Aynı zamanda, kendimizin de ön yargılara ve kabullere karşı korunaklı olmadığımızı kabul etmeliyiz. Bunlar; karmaşık sorunları çözme, anlamlı tartışmalara girme ve bize anlaşılmaz görünen toplumsal ve kültürel ritüelleri çözme yeteneğimizi gölgeleyen ön yargı ve kabullerimizdir. Doğrusu, bizden sonra gelecek nesiller de bizim bugün okuduğumuz kitaplara bizim bugün eski kitaplara yaklaştığımız şüpheyle yaklaşacaklardır.

Eski kitaplar, kendimizi onların yazıldıkları zamanın kültürüne ve fikir dünyasına gark ederek bizim de başımıza olası gelecek olan bu zaman aşımına karşı korunmamız konusunda bize yardımcı olabilir. Yale Üniversitesinde felsefe bölümü öğretim görevlisi olan Jeffery Brenzel, bunu “yabancı olmanın kıymeti” olarak adlandırıyor. Bu bağlamda eski kitapları okumayı, yurt dışına seyahat etmeye benzetiyor. Birçok gezgin başka bir kültürü deneyimledikten sonra evine döner ve böylece kendi kültürünün farklılıklarını görür. Bu gezginler zihinlerini barındırdıkları varsayımlara yöneltir ve bu varsayımları daha ciddi biçimde yeniden gözden geçirmenin değerini öğrenirler. İşte eski kitaplar bize aynı bu türde bir zihinsel yolculuk da sunar.

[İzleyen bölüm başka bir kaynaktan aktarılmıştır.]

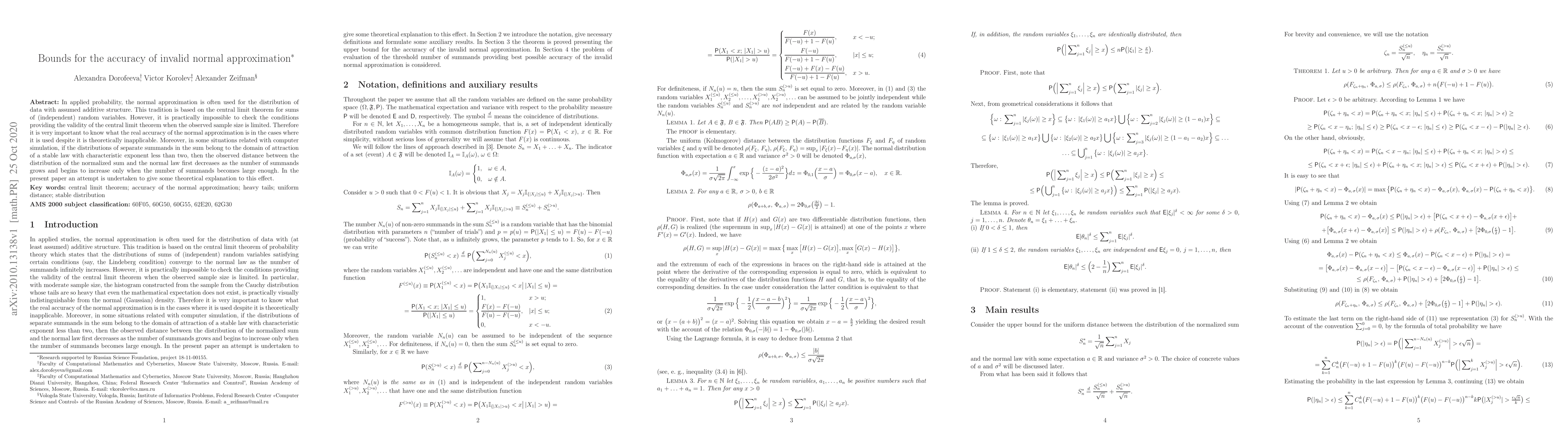 This paper investigates the accuracy of the normal approximation when it is theoretically invalid, providing bounds for its precision in practical scenarios. It also explains the phenomenon where the distance between the normalized sum's distribution and the normal law first decreases before increasing with the number of summands.

C.S. Lewis de “Athanasius’ On the Incarnation” adlı kitabının giriş kısmında buna benzer bir noktaya temas etmiştir:

“Eski zamanlarda insanlar şimdikinden daha akıllı değillerdi; onlar da bizim kadar çok hata yaptılar. Ama bu hatalar bizim yaptığımız hatalarla aynı değildi. Onların bizim bugünkü hatalarımıza bakarak bize sahte övgüler dizemeyeceklerini biliyoruz ve onların bizim önümüzde öylece duran hatalarının da bizim için artık tehlike arz etmediğinin farkındayız. İki farklı zihniyetin bir arada olması iyidir.  Bu ikisinin de hatasız olduğu anlamına gelmez. Fakat biliriz ki ikisinin de aynı yönde ve yanlışa doğru gitme olasılığı oldukça düşüktür. Elbette geleceğin kitapları da bizim için geçmişin kitapları kadar iyi birer onarıcı olacaktır; ama ne yazık ki onlara bugünden erişmemiz mümkün değildir.”

SOHBET AĞINIZI GENİŞLETEBİLMEK İÇİN…

Lewis, yalnızca modern kitapları okumanın, bir sohbete tam da yarısında katılmaya çalışmaya benzediğini ifade etmiştir. Sohbete katılabilir ve gerçekten de ilgiyi üzerinize çekebilirsiniz. Ancak aynı sohbete baştan katılmış olursanız çok daha iyi bir iletişimle kendinizi ifade etme şansı elde edersiniz. Eski kitaplar, tam da bunu yapabilmemiz için vardır. Yani sohbetin en başından beri orada bulunabilmemiz için…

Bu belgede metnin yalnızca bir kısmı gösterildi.